*** Opening STUDY MATERIAL ***
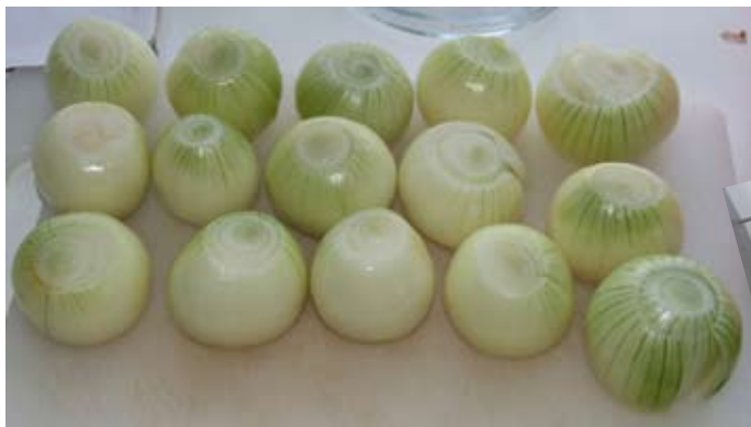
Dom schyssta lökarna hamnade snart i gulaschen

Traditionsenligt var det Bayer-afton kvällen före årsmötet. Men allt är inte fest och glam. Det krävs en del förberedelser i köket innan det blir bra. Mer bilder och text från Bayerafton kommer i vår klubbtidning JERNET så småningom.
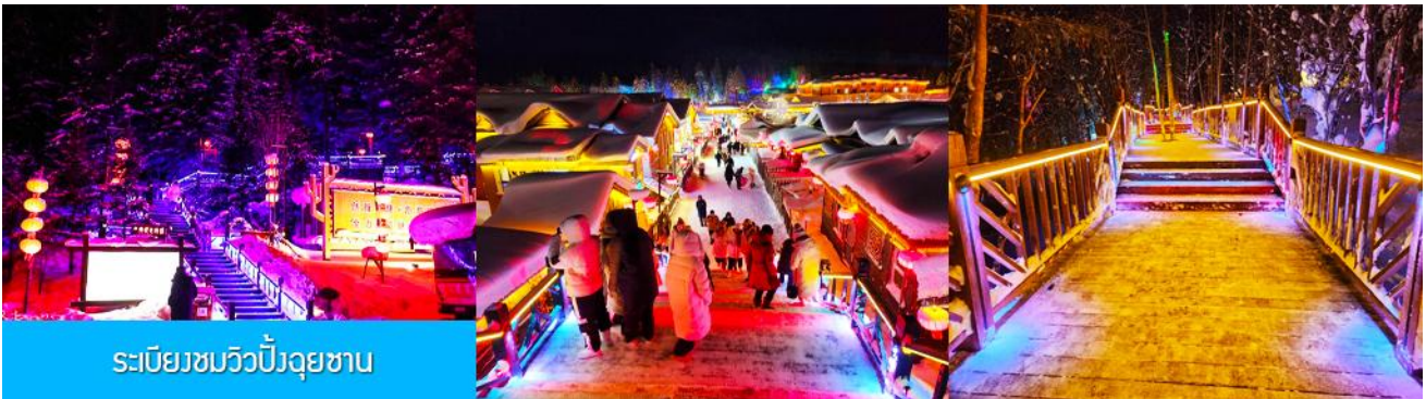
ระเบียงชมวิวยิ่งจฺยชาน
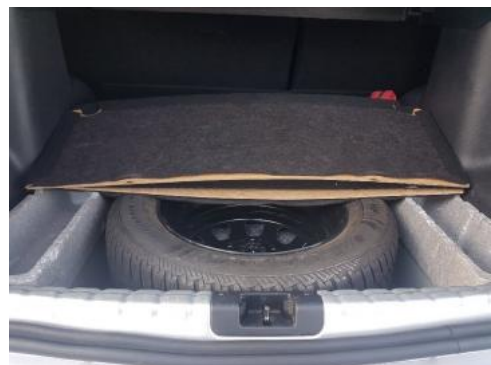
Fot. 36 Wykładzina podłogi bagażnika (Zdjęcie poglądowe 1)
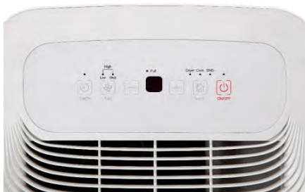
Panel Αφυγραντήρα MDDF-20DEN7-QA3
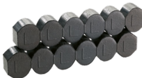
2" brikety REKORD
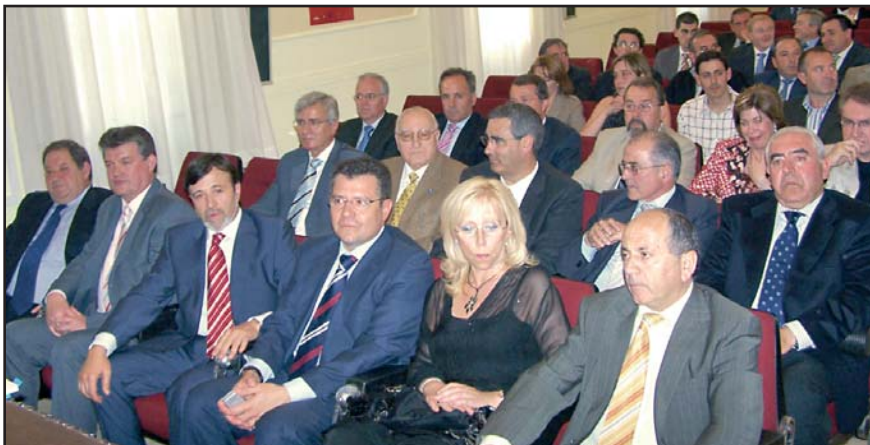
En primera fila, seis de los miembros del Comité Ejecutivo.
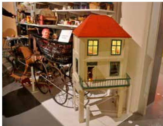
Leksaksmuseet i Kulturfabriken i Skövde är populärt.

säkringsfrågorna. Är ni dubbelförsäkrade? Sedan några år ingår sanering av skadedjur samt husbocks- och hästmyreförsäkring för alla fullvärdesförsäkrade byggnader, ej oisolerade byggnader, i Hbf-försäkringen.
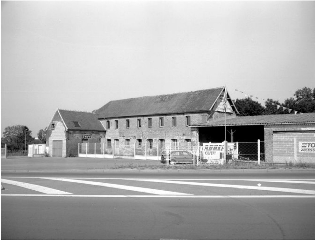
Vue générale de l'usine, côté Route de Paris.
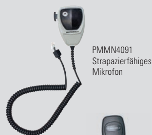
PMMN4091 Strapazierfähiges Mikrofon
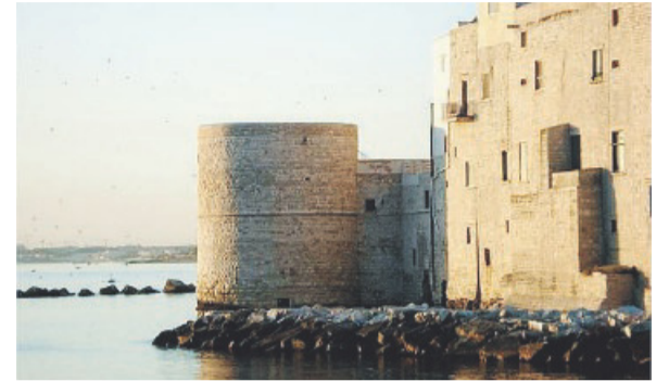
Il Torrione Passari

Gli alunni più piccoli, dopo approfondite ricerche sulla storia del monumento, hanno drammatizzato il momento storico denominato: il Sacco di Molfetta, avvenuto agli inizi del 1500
*** Closing STUDY MATERIAL ***
Could you write out the records again exactly, without any of their pictures?

▶ [EXERCISE OUTPUT]
Dom schyssta lökarna hamnade snart i gulaschen

Traditionsenligt var det Bayer-afton kvällen före årsmötet. Men allt är inte fest och glam. Det krävs en del förberedelser i köket innan det blir bra. Mer bilder och text från Bayerafton kommer i vår klubbtidning JERNET så småningom.
ระเบียงชมวิวยิ่งจฺยชาน
Fot. 36 Wykładzina podłogi bagażnika (Zdjęcie poglądowe 1)
Panel Αφυγραντήρα MDDF-20DEN7-QA3
2" brikety REKORD
En primera fila, seis de los miembros del Comité Ejecutivo.
Leksaksmuseet i Kulturfabriken i Skövde är populärt.

säkringsfrågorna. Är ni dubbelförsäkrade? Sedan några år ingår sanering av skadedjur samt husbocks- och hästmyreförsäkring för alla fullvärdesförsäkrade byggnader, ej oisolerade byggnader, i Hbf-försäkringen.
Vue générale de l'usine, côté Route de Paris.
PMMN4091 Strapazierfähiges Mikrofon
Il Torrione Passari

Gli alunni più piccoli, dopo approfondite ricerche sulla storia del monumento, hanno drammatizzato il momento storico denominato: il Sacco di Molfetta, avvenuto agli inizi del 1500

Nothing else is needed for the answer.